Imagine that in this graph we have $N$ variables $\vec{v}^i,\ 1\leq i \leq N$  and functions $f_i$ which compute them from other variables.

The graph is directional, thus assume $\vec{v}^1, \vec{v}^2,\dots,\vec{v}^N$ represents a topological order of the graph (parents before children).

Define also the notation $\delta\vec{v}\triangleq \pderiv{L}{\vec{v}}$.
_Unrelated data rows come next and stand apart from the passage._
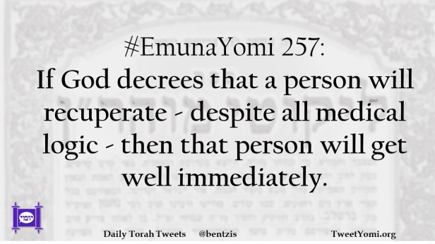 #EmunaYomi 257: If God decrees that a person will recuperate – despite all medical logic – then that person will get well immediately.
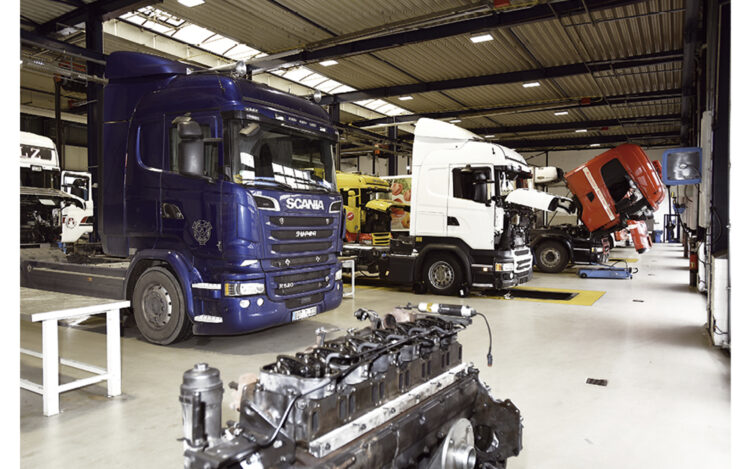 Sollte doch einmal etwas schiefgehen oder werden Routine-Wartungen fällig, bietet die Werkstatt am Breuer-Stammsitz in Duisburg-Beeck einen schnellen und professionellen Service. „Vor allem freitags und samstags arbeitet unsere Werkstatt auf Hochtouren“, so der Duisburger Unternehmer. „Gearbeitet wird in den zwei Werkstatthallen vor allem mit modernen Hebeanlagen, die eine über sieben Tonnen schwere Zugmaschine problemlos anheben können. Und auch die benötigten Ersatzteile – vom Filter bis zur kompletten Achse – sind stets zu fast 100 Prozent vor Ort verfügbar. Auf diese Weise wartet und repariert das 41-köpfige Werkstattteam täglich etwa 35 bis 40 Fahrzeuge. Darüber hinaus verfügt die Firma Breuer über mehrere, gut ausgestattete Werkstattfahrzeuge. Das Abschleppen liegen gebliebener Scania-Fahrzeuge besorgt ein Kooperationspartner. Ein besonderes Schmankerl für die Fahrer der reparierten Lkw sind die bequemen Übernachtungsmöglichkeiten auf dem Breuer-Gelände und die kleine VW-UP-Flotte für schnelle Heimfahrten.
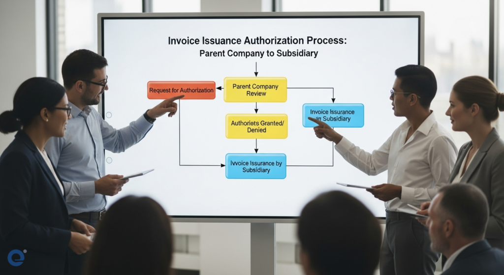 Ví dụ, nếu công ty con A phát hành hóa đơn cho công ty mẹ B, hóa đơn sẽ ghi thông tin của B là người mua. Thông tin của A là người bán, nhưng có thể có ghi chú “Được ủy quyền phát hành bởi Công ty mẹ X”.
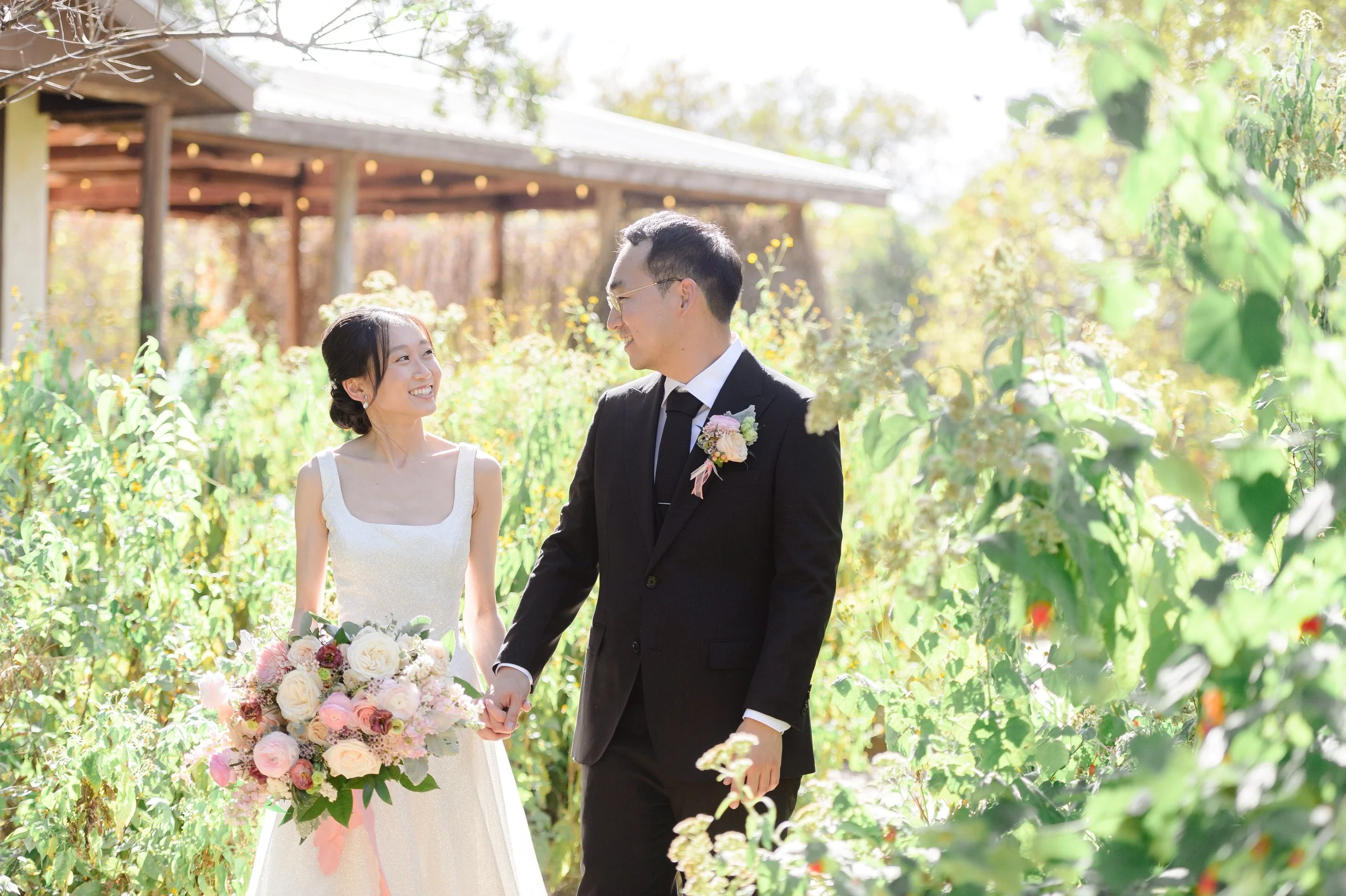 Serena and David celebrated their love on a beautiful, sunny day at the ranch. After capturing stunning portraits among the lush greenery in the courtyard, they made their way to the pergola to exchange vows. The celebration continued at the Hideout with an intimate reception, followed by dancing under the stars beneath glowing string lights.

The forward pass can therefore we written as:

1. For $i=1,2,\dots,N$:
  1. Graph parents of current node: $$\mathcal{P}_i \leftarrow \left\{\vec{v}^j ~\middle\vert~ \vec{v}^j \text{ parent of } \vec{v}^i\right\}$$ 
  2. Function value of current node: $$\vec{v}^i\leftarrow f_i(\mathcal{P}_i)$$

And in the backward pass we traverse the graph in reverse and apply the chain rule:

1. Set $\delta\vec{v}^N=1$.
2. For $i=N,N-1,\dots,1$:
  1. Graph children of current node: $$\mathcal{C}_i \leftarrow \left\{\vec{v}^j ~\middle\vert~ \vec{v}^j \text{ child of } \vec{v}^i\right\}$$  
  2. Chain rule: $$\delta\vec{v}^i\leftarrow \sum_{\vec{v}^j\in\mathcal{C}_i} \delta\vec{v}^j\pderiv{\vec{v}^j}{\vec{v}^i}$$
  
Note that the expression $\delta\vec{v}^j\pderiv{\vec{v}^j}{\vec{v}^i}$ is a "vector"-Jacobian product (VJP).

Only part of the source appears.